In 1951 Tucson became the home of Hughes Missile Systems Company (now Raytheon), a major player in postwar U.S. military industries. Hughes contracted out the newly built Air Force Plant #44 on the south side of the city and within a year was manufacturing radar noses for the Northrop F-89 Scorpion fighter interceptor aircraft to be used against North Korea. In 1952, only a year after opening, the plant began disposing large amounts of industrial solvents and heavy metals, in particular trichloroethylene (TCE)—an airplane degreaser used to clean electronics and aircraft—into large open-air pits or lagoons. These lagoons were only some of the dumping grounds. Abandoned wells, desert washes, discrete fences, and the desert floor all became sites for waste, not only by Hughes, but also by the Air National Guard and a variety of now defunct defense and electronics industries.
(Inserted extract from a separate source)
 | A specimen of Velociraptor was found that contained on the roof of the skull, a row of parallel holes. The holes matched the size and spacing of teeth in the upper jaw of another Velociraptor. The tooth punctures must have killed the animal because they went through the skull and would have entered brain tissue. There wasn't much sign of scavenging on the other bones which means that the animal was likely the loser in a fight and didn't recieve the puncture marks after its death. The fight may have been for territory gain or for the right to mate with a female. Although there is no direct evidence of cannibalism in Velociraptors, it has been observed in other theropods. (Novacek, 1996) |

Over the three decades during which these lagoons were used for waste disposal, the chemicals would at times overflow and leach into the surrounding landscape, stressing and eventually killing the mesquite and cottonwood trees and other plant life in their path. Wildlife drank from the open pits and became ill and died. Tohono O’odham representatives protested the disposal of wastes from Hughes, which were flowing through desert arroyos onto O’odham land, where their cattle would drink it. From the toxic lagoons more than four thousand gallons of TCE, and a large variety of other body-harming chemicals, slowly flowed downward through fewer than a hundred feet of porous earth below, entering Tucson’s regional aquifer and filtering into the groundwater. The chemicals traveled northwesterly, entering the sand, gravel, and clay that made up the region’s geologic matter— moving with gravity underground toward the north-flowing Santa Cruz River. The river was spared the contamination, only because the contaminants reached municipal and private wells first—wells from which the people of the south side bathed and drank. The “TCE plume,” as it came to be known, eventually reached out ten square miles from south to north, and a mile and a half east to west.
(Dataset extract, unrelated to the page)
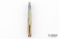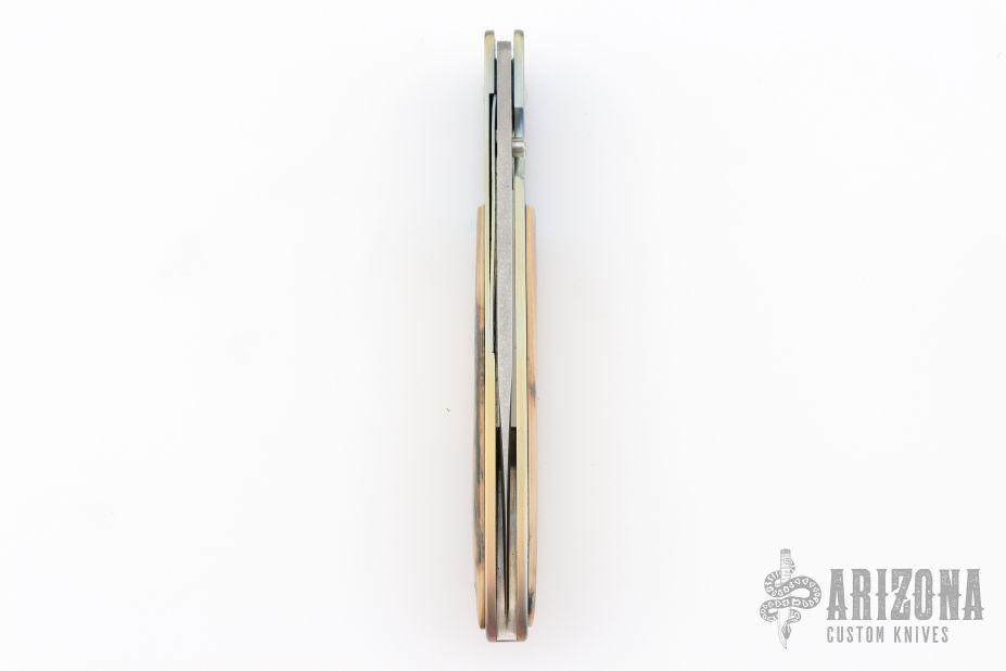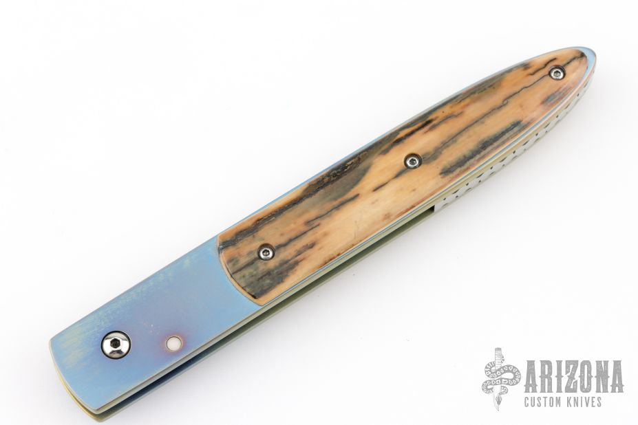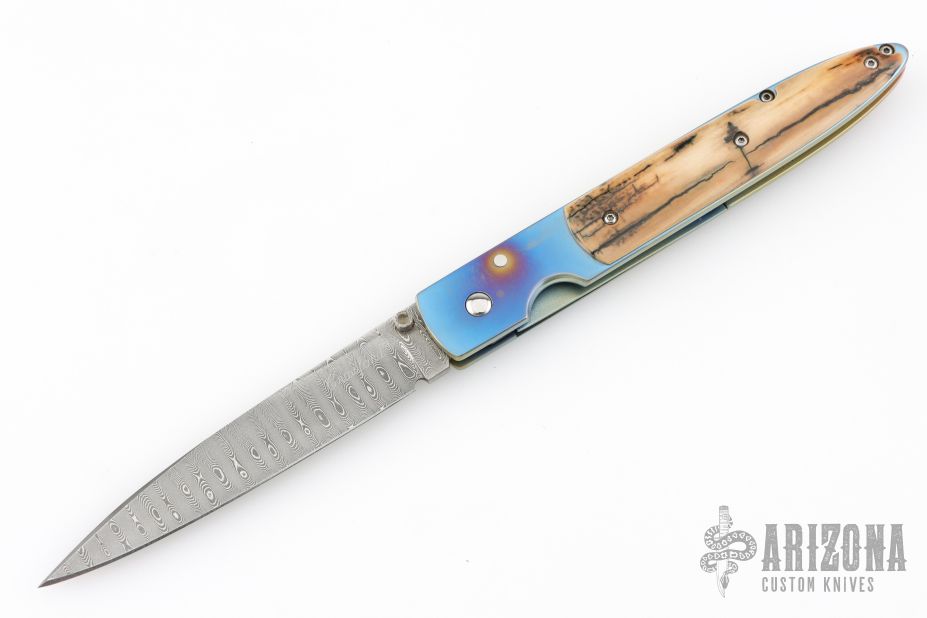 This knife by Crawford Knives features a spear point Damascus blade with false top edge and single thumbstud. The handle has an orange peel and anodize finish titanium frame, titanium liner, mammoth ivory overlays, file-worked stainless steel backspacer. Comes in a zipper case with soft pouch. Has some scuffs and scratches, great overall condition.

Although many of those living in the area had been there for generations, many more had relocated after one of the oldest and most vibrant Mexican American neighborhoods in Tucson, La Calle, had been demolished in a racist downtown revitalization plan in the 1960s. (A typical case of environmental racism and Native dispossession through contamination, the impacts of the pollution on residents went unacknowledged for nearly thirty years—even after the area became a Superfund site in 1981.) Residents began to notice their plants would die when they’d water them. Their dogs and cats became ill. Many people were diagnosed with rare illnesses: lupus, testicular cancer, brain tumors, leukemia; babies were stillborn, or were born with congenital heart impairments or other disabilities.
Regardless, communities on the south side endured years of racist and classist accusations that their conditions were their own fault. As alarm grew and suspicion fell on the lagoons, Hughes spokespeople and the Pima County Health officials stated at public meetings that, although people in the area were disproportionately becoming sick, it was not a result of pollution, but because they were “genetically disadvantaged.” They were depicted as having made poor reproductive choices, having maintained a poor diet and lifestyle. Residents were told during meetings with city officials that they were getting sick “because of the chilies and beans they ate,” and the mostly women organizers were dismissed as “hysterical Hispanic housewives.” They were, the statements suggested, just predisposed to illness.